Narendar Pani

Factors underlying the Centre-RBI conflict

Narendar Pani | Updated on November 20, 2018 Published on November 20, 2018

Realising that DeMo pulverised MSMEs, an anxious Centre wants to hurriedly make amends. But loan disbursals may not help

The spat between the government and the RBI is primarily in the realm of macroeconomic issues like the size of the reserves the central bank should hold and the methods of monitoring loans that could go bad. Yet, the political intensity of the government’s moves cannot be missed.

Apart from bringing the never-before-used provision of Section 7 into play, it has also loaded the RBI board with its loyalists. This has allowed the Congress to promptly claim that the ruling party is seeking to tap RBI reserves for an election year spending strategy. And given the credibility of the political class this is a contention that cannot be lightly brushed aside.

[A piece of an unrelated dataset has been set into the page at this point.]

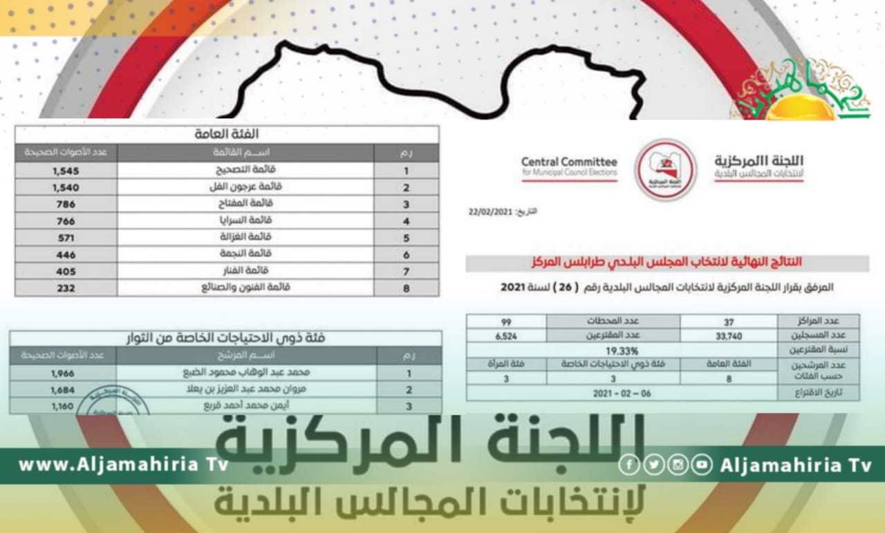 أعلنت اللجنة المركزية لانتخابات المجالس البلدية الإثنين، النتائج النهائية لانتخاب المجلس البلدي طرابلس المركز.
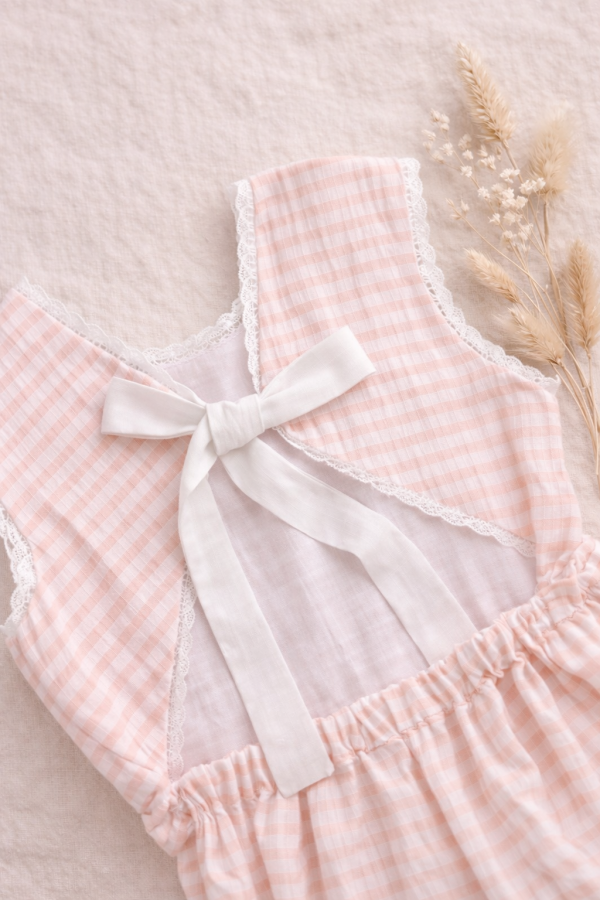 Delicada puntilla 100% algodón en cuello, mangas y espalda

The story, though, goes a little deeper than the political rhetoric would suggest. The government’s focus on loans to small business could be a long delayed official recognition that the two major economic initiatives of the Modi government — demonetisation and GST — have had a debilitating effect on small business. The party apparently now believes that if it does not do something to ease the pain on this class, there will be a price to pay in urban constituencies in 2019.

As with all Indian governments since Indira Gandhi’s loan mela days, the instinctive official response is to lend their way out of political trouble. Increasing the access to loans is expected to help small businesses step up their investment on the path to recovery. The trouble is the government may have, once again, got the wrong end of the economic stick. The problems small businesses face are not so much the availability of funds, as the collapse of demand.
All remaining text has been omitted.